Она долго держит её в руке, грея в ладони. Бумажка хрустит, но не рвется, она вязкая, как сама конфета. Старушка разворачивает её осторожно, чтобы не оторвать кусочек, который навсегда останется на фантике, и подносит ко рту.

Ириска твердая. Почти каменная. Она не гнется, не жуется сразу. Анна Семёновна кладет её за щеку, как леденец, и ждет.

Сначала идет соль. Соленый пот на верхней губе. Потом — жир, то самое маслянистое ощущение, которое покрывает нёбо и язык пленкой. И только потом, когда твердый кусочек начинает поддаваться теплу, распадаясь на липкие слои, появляется сладость. Она приходит не сразу, она нарастает медленно, как дальний гул.

Анна Семёновна закрывает глаза.

И в этот момент, когда липкая масса прилипает к коренным зубам, когда нёбо обжигает приторный вкус сгущенного молока и ванили, — время останавливается. Нет, оно не останавливается, оно схлопывается. Стеклянная мозаика плиты на стене, запах тлена и нафталина, шум трассы за окном — всё это с громким щелчком уходит в никуда.

Она чувствует спиной холод. Не тот, от сквозняка в коридоре, а тот, настоящий, пронизывающий до костей, который бывает только в сырых землянках и промозглых эшелонах. Но она не в землянке. Она стоит на перроне.

Этот перрон она узнаёт из тысячи. Запасной путь, станция где-то под Воронежем, ноябрь 1943 года. Снег ещё не лежит, но земля промерзла так, что кажется, будто идешь по железу. Вокруг — люди. Серые шинели, ватники, ушанки, сдвинутые на затылок. Платформа залита тусклым светом, который, кажется, не идет от фонарей, а сочится из самой земли, пропитанной гарью и мазутом. Пахнет махоркой, дегтем и чем-то еще сладковато-едким, чем пахнет от плохо выделанных овчин.

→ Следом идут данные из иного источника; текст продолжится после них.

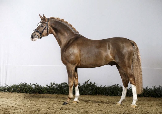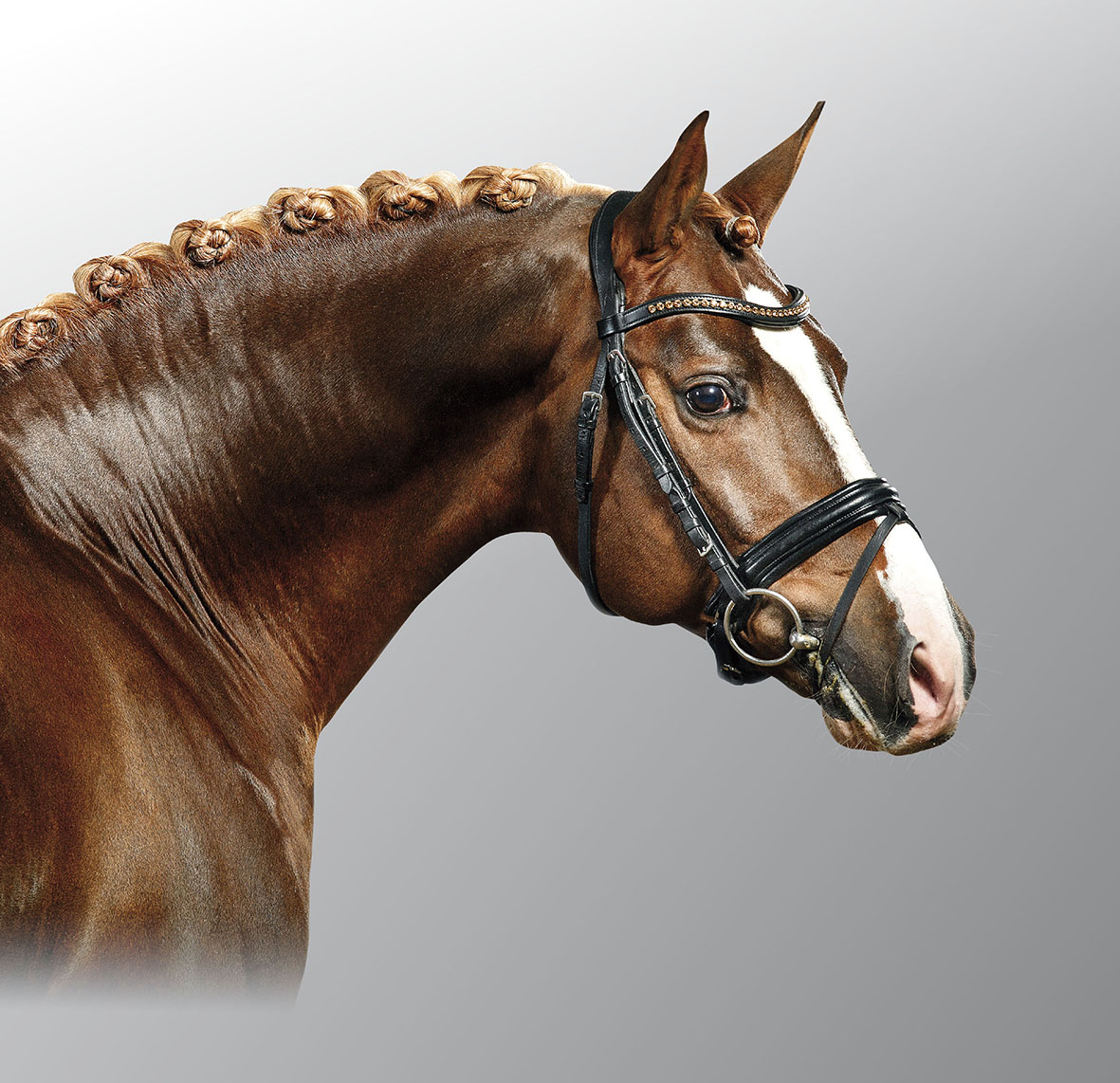 Typvoll und formschön ist er ein Juwel in allen Belangen. Er fasziniert mit gleichbleibend elastischen und bergauf vorgetragenen, stets unter den Schwerpunkt fußenden Bewegungsablauf. Ein genialer Bewegungskönig aus der Dynastie des Multichampions Dressman I. Der Schritt ist überragend und jederzeit unerschütterlich im Takt.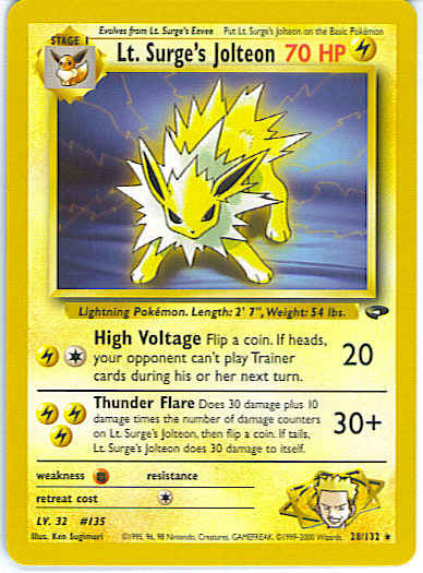 [LLL] Thunder Flare (30+) Does 30 damage plus 10 damage times the number of damage counters on Lt. Surge's Jolteon, then flip a coin. If tails, Lt. Surge's Jolteon does 30 damage to itself.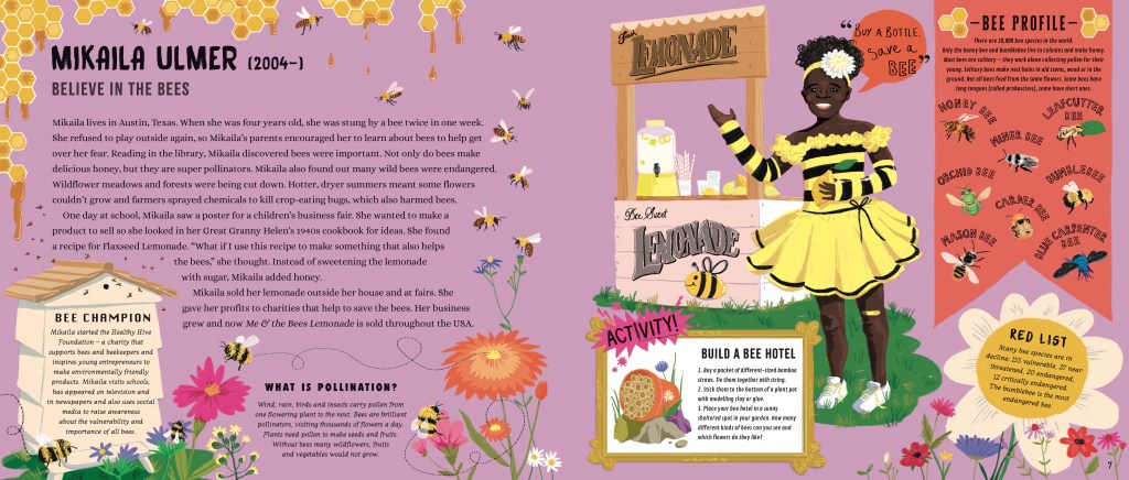 The book has had so much research poured into it. You can tell that Kate Peridot has a passion for conservation. We get to know conservationists from around the world and all the different animals they do their best to protect. Some are famous, like Sir David Attenborough, and others aren’t as well known. Mikaila Ulmer is an American who sells Me & the Bees lemonade for bees, basically.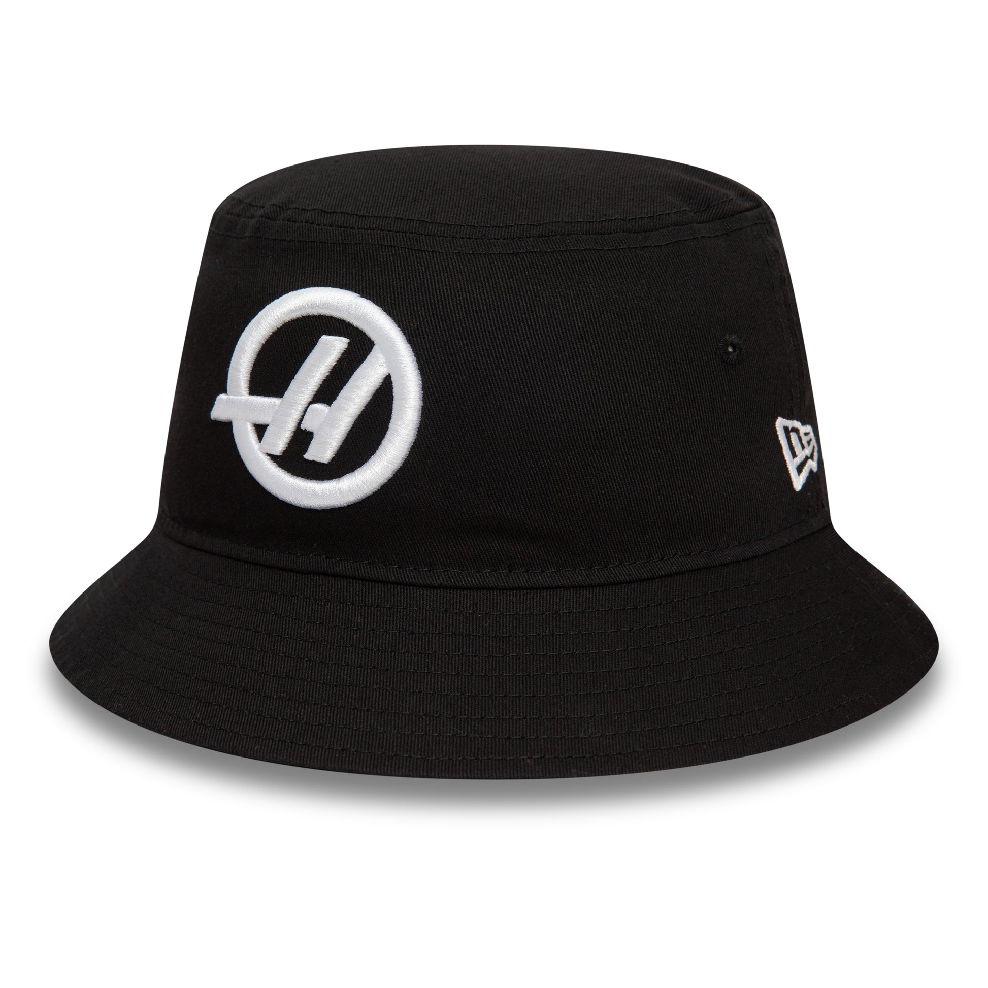 Haas F1 Teams offering to the Bucket Hat market is a classic and simple black Bucket Hat with a clean white Haas F1 Team logo. Made by and featuring the New Era flag.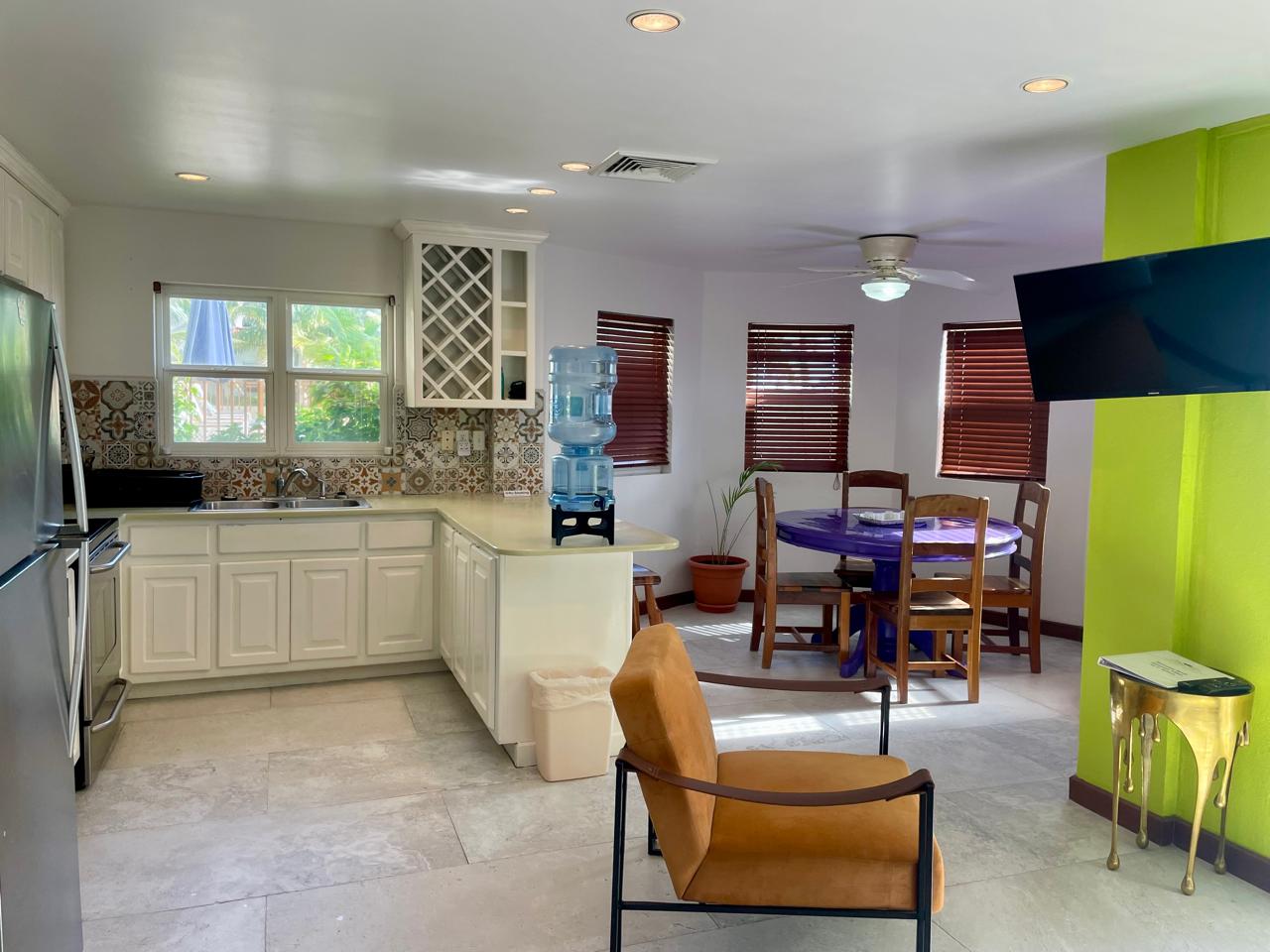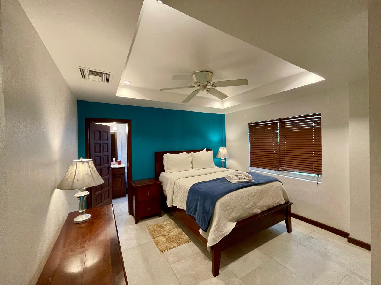 A beautiful 3 bedroom 2 bath apartment in a 3 unit house located just south of San Pedro Town in the heart of everything. AC, washer and dryer, 2 verandas, fully furnished. 1/2 block from the beach. Plenty of restaurants and shopping nearby. No pets. Utilities not included. 1 year minimum lease.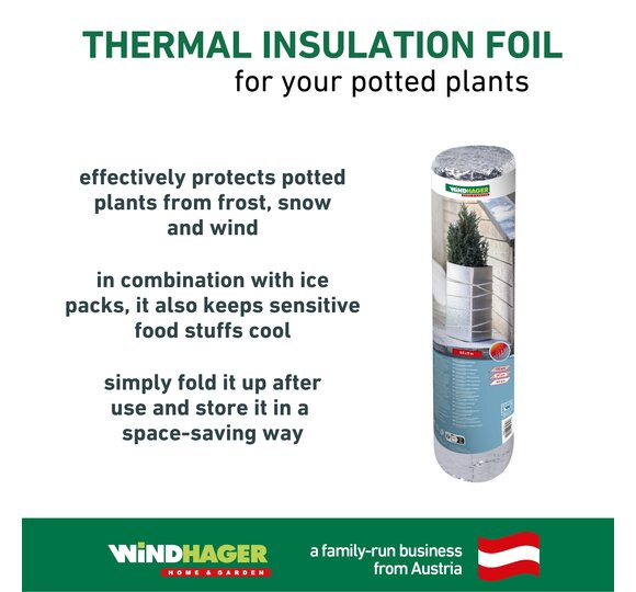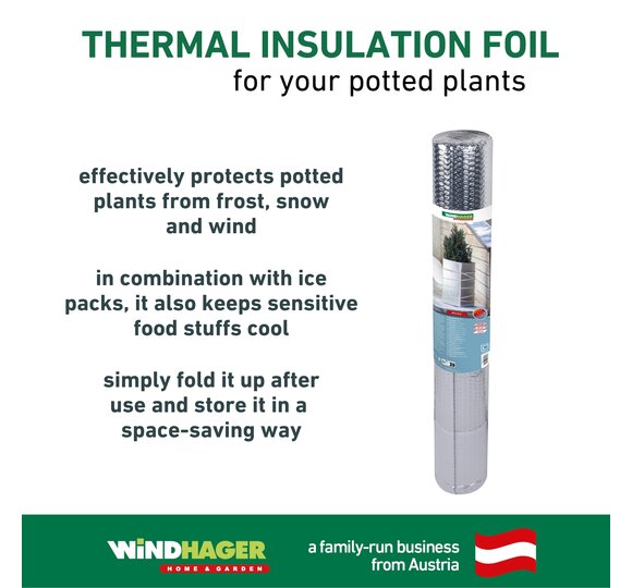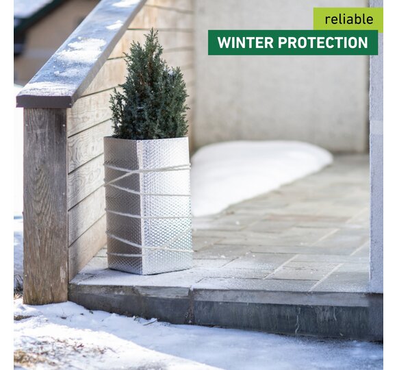 Frost, snow and wind quickly affect sensitive plants. The SUPERPROTECT winter insulation foil is ideal for protecting them. It consists of bubble wrap with an aluminium coating. It can be easily and quickly placed around plant pots, for example, and reduces the risk of the plant’s roots freezing to death.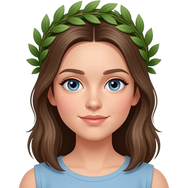 Ragazza occhi azzurri viso sottile corona di alloro sulla testa emoji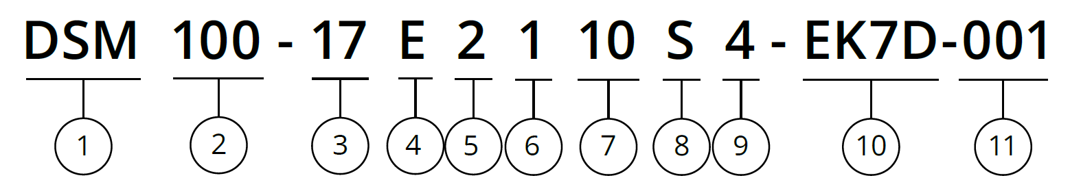 EKX = 엔코더 [X = 엔코더 분해능] P=매뉴얼 노브 B= 브레이크 X=모터 뒷축 R=엔코더 레디 C=커스터마이제이션 N=없음 |

Анна Семёновна — тогда просто Аня, девчонка лет семнадцати, в больших валенках, из которых она давно выросла, в платке, сбившемся на затылок — стоит у самого края платформы, вцепившись в дощатый забор. Она провожает не кого-то. Она ждет.

Она ждет, когда дадут отправление, чтобы броситься к одному из вагонов-теплушек. Там, у распахнутой двери, стоит он. Лейтенант. Его лица она не видит, видит только фигуру: перетянутую ремнями шинель, планшет на боку, сбившиеся на лоб русые волосы. Он машет ей рукой, но не зовет подойти ближе. Он просто смотрит.

Она помнит, как дрожала тогда. Не от холода — от того, что происходило внутри. От невозможности удержать этот момент. От того, что знала — она должна запомнить каждую секунду, каждую складку его шинели, каждый выдох, превращающийся в пар.

И тут, среди этого хаоса, среди криков «Сестричка!» и матерщины грузчиков, скрипа колес, он спрыгивает на насыпь. Подходит к ней. От него пахнет потом, железом и тем самым терпким, жестяным запахом новых гимнастерок. Он ничего не говорит. В руке у него — бумажный кулек, точно такой же, какой она только что держала в своей ладони в двадцать четвертом году. Только тогда это был не целлофан, а пергамент, пожелтевший, шершавый.

Он разрывает кулек зубами, высыпает несколько золотистых прямоугольников себе на ладонь и протягивает ей.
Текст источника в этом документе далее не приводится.